On Friday, the U.S. Food and Drug Administration (FDA) announced that it has revised its proposal for nutritional labels to not only include the amount of added sugars in grams (something the FDA recommended in 2014), but also to list the percent Daily Value (% DV) of those added sugars, in the same way that other items are currently listed.

The intent of the change is to not only show buyers how much sugar is in their food, but to indicate how that amount compares to the recommended daily limit on sugar consumption. Officials recommend that people not consume more than 10% of their daily calories from added sugar.

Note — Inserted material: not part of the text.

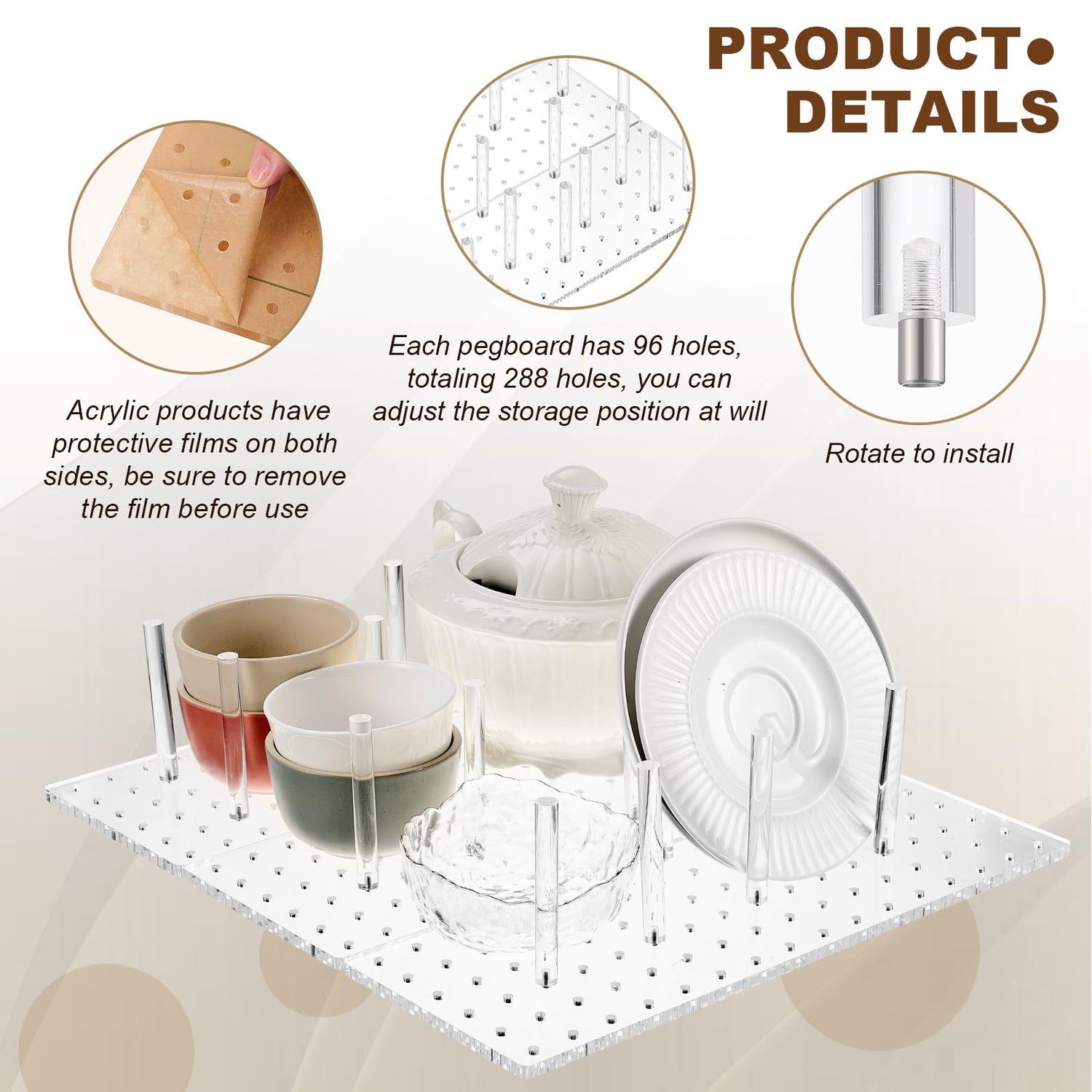 - Quality and Durability: experience outstanding durability with our clear pegboard drawer organizer; Crafted from the acrylic sheet, this peg drawer organizer ensures long lasting use; Its transparent color also adds a touch of elegance to your space; Acrylic products have protective films on both sides, be sure to remove the film before use

“Scientific data shows that it is difficult to meet nutrient needs while staying within calorie requirements if you consume more than 10 percent of your total daily calories from added sugar,” writes Susan Mayne, the FDA’s director of the Center for Food Safety and Applied Nutrition, in a blog post about the proposed change. “FDA’s initial proposal to include the amount of added sugars on the Nutrition Facts label is now further supported by newly reviewed studies suggesting healthy dietary patterns, including lower amounts of sugar-sweetened foods and beverages, are strongly associated with a reduced risk of cardiovascular disease.”

The FDA recommends that adults and children age 4 and older not consume more than 50 grams of added sugars per day. For kids ages 1 through 3, the recommended limit is 25 grams of sugar.

For context, the FDA provides the example of a consumer drinking a 20-oz. sugary beverage. That contains about 66 grams of added sugar, according to the FDA, which would be listed on the label as 132% of the Daily Value.